PROBLEM DESCRIPTION:
In the records below, how many lines hold the word "been"? Give only the number.

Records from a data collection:

■ ■ ■

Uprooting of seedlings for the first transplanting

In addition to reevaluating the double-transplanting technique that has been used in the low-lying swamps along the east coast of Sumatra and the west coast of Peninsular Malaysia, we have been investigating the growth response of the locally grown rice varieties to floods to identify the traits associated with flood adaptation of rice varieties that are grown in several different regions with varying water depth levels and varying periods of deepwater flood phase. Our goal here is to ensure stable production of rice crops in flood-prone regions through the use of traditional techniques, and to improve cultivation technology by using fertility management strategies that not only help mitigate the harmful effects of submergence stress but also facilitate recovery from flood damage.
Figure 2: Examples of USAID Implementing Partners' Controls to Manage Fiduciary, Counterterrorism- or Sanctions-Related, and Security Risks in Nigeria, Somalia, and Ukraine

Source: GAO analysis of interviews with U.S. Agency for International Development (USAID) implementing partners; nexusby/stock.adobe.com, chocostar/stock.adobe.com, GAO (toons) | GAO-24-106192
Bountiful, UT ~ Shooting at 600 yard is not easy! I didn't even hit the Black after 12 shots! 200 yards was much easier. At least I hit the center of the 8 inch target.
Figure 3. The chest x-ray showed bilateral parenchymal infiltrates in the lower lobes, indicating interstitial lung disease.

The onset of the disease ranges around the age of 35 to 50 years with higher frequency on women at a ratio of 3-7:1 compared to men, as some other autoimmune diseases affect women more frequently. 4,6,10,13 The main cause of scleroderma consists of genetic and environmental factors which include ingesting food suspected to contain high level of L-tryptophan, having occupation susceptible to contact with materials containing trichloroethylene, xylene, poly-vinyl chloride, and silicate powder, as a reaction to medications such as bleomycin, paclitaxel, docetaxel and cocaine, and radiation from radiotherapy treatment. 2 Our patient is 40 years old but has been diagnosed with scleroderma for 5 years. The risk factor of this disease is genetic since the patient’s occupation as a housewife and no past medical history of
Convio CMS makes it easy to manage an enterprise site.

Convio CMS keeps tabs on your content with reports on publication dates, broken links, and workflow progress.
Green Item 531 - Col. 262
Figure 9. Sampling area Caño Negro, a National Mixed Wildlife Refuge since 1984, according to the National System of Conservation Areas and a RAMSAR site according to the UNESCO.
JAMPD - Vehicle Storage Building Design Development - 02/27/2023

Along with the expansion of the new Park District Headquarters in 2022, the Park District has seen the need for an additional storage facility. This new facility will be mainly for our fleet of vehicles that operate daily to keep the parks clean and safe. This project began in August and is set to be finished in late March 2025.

■ ■ ■

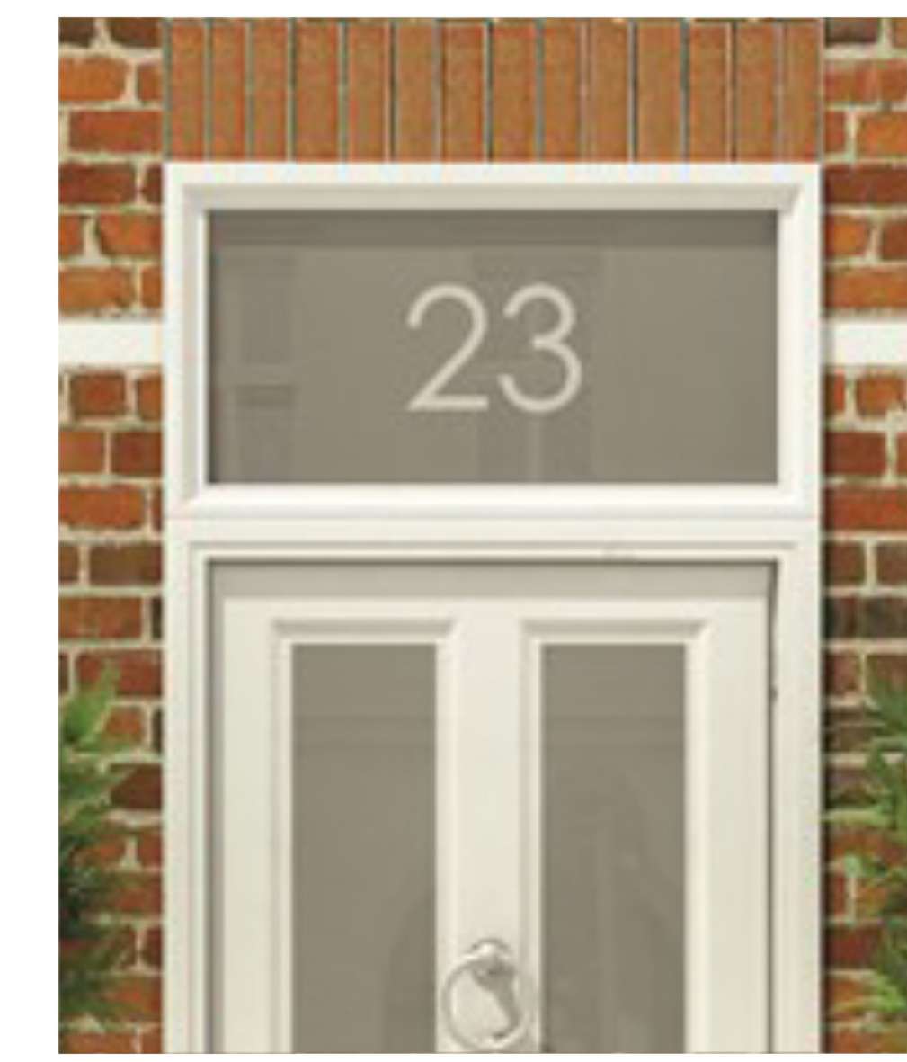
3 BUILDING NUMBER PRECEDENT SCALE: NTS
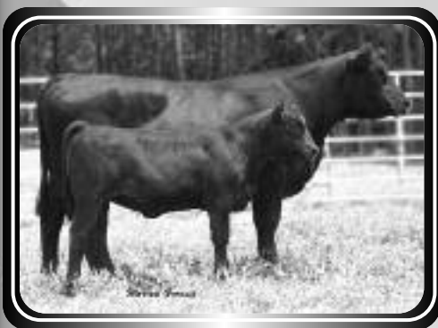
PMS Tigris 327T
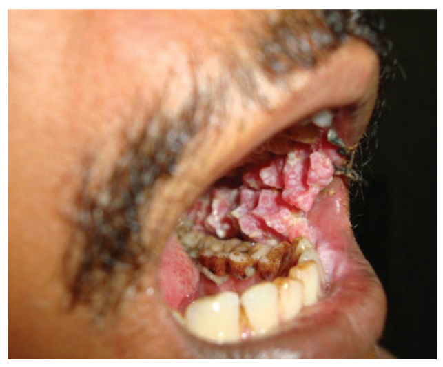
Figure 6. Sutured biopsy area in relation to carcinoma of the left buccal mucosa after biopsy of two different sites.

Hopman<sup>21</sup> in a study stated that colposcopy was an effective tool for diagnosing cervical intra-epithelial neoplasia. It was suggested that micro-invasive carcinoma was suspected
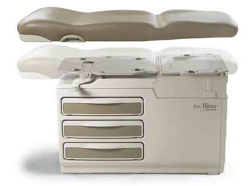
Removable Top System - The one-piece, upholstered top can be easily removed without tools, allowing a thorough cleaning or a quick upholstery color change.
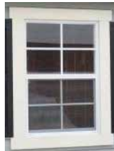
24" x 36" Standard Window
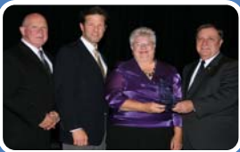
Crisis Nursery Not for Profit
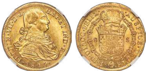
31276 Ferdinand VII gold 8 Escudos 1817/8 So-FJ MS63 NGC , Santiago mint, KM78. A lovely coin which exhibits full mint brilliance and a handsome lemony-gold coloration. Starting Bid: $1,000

■ ■ ■

OUTPUT FOR THIS EXERCISE:
2